Methods Based on the geological characteristics and multi-field coupling-based mathematical models of saline aquifers in the Dingji Coal Mine in the Huainan mining area, this study developed a 3D multi-field numerical model. Using this model, this study simulated the CO2 injection, migration, and storage processes. Furthermore, it systematically explored the impacts of key geological and engineering parameters, including initial permeability, porosity, modulus of elasticity, injection pressure, and injection mode, on CO2 injectivity, as well as the sensitivity of these parameters.
Results The initial permeability and porosity of reservoirs represent the core geological parameters affecting CO2 injectivity and storage efficiency in the saline aquifers. As the initial permeability increased from 0.3×10−12 m2 to 0.5×10−12 m2 (67%), the cumulative CO2 storage capacity rose by approximately 70%. When the initial porosity increased from 0.20 to 0.30 (50%), the cumulative storage capacity increased by about 20%. In contrast, variations in the modulus of elasticity exerted a limited effect on the storage capacity. Injection pressure and mode are identified as critical engineering parameters for regulating CO2 storage efficiency. In detail, increasing the injection pressure to 5%‒10% of the initial reservoir pressure enhanced the CO2 storage efficiency by approximately 15%‒20% while maintaining system stability. Compared to stepwise pressurization, the constant-pressure injection mode achieved an increase in CO2 storage capacity of about 25% in spite of an increase in pressure averaging approximately 6%‒7%. This result indicates that constant-pressure injection can form a stable pressure gradient more rapidly and promote CO2 plume expansion, representing a more effective injection strategy.

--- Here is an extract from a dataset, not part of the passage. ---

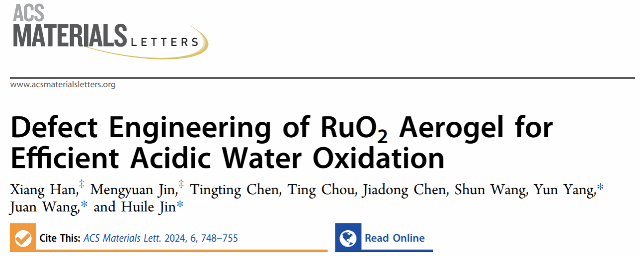 近日,小宝影院 2021级化学(师范)专业本科生韩翔在权威期刊ACS Material Letters上发表题为Defect Engineering of RuO2 Aerogel for Efficient Acidic Water Oxidation(缺陷工程助力RuO2气凝胶用于高效酸性水氧化)的研究论文(指导教师为王娟副教授、金辉乐研究员和杨云研究员)。
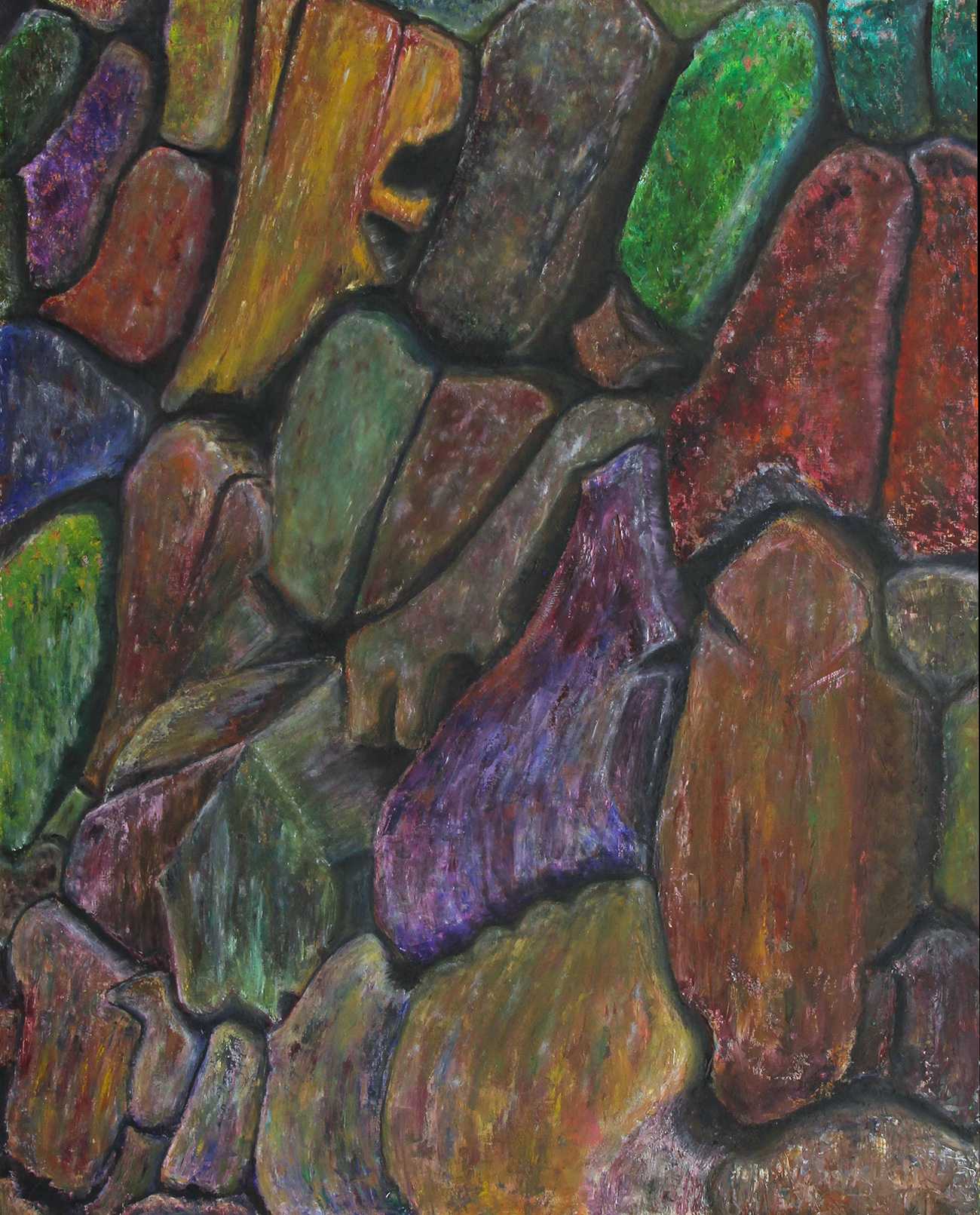 夏に訪れた久能山東照宮の参道を歩いた時、山側に石垣で作られたつづら折りの石垣作りの道がそびえて、背の高い面白い形をした木々と濃い緑の木々に覆われた、自然の回廊の様に見え、山道と石垣に木漏れ日が落ちて、キラキラと光が輝いて緑が生き生きとして、とても美しく感じた。この景色に創作意欲が湧き描く事とした。自然の緑と人工物の石垣、それを引き立てる光と影を主題として、みずみずしく明るい画面に仕上げるべく緑の配色に気をつけて創作した。

Conclusions It can be concluded that CO2 storage in saline aquifers should comprehensively consider four aspects: reservoir physical properties, process control, safety constraints, and efficiency enhancement. The ideal reservoirs should have a porosity range of 0.22‒0.28 and a permeability range of (0.30‒0.45) ×10−12 m2. Regarding engineering parameters, the injection pressure should be maintained at 80%‒90% of the fracture pressure of caprocks, and a constant-pressure injection mode should be employed to balance the storage efficiency and operational safety. Furthermore, a monitoring system that integrates pressure, seepage, and saturation shall be established to enable dynamic monitoring and control of data feedback. In the future, techniques including water-alternating-gas (WAG) injection and multi-well synergistic injection can be introduced to further enhance CO2 storage efficiency and distribution uniformity. This will help ensure the long-term safety and stability of CO2 geological storage. The results of this study can provide critical theoretical support for CO2 storage in saline aquifers within the Huainan mining area and similar resource-based areas. These results also offer technical guidance for identifying dominant geological parameters and optimizing engineering siting for CO2 storage in saline aquifers.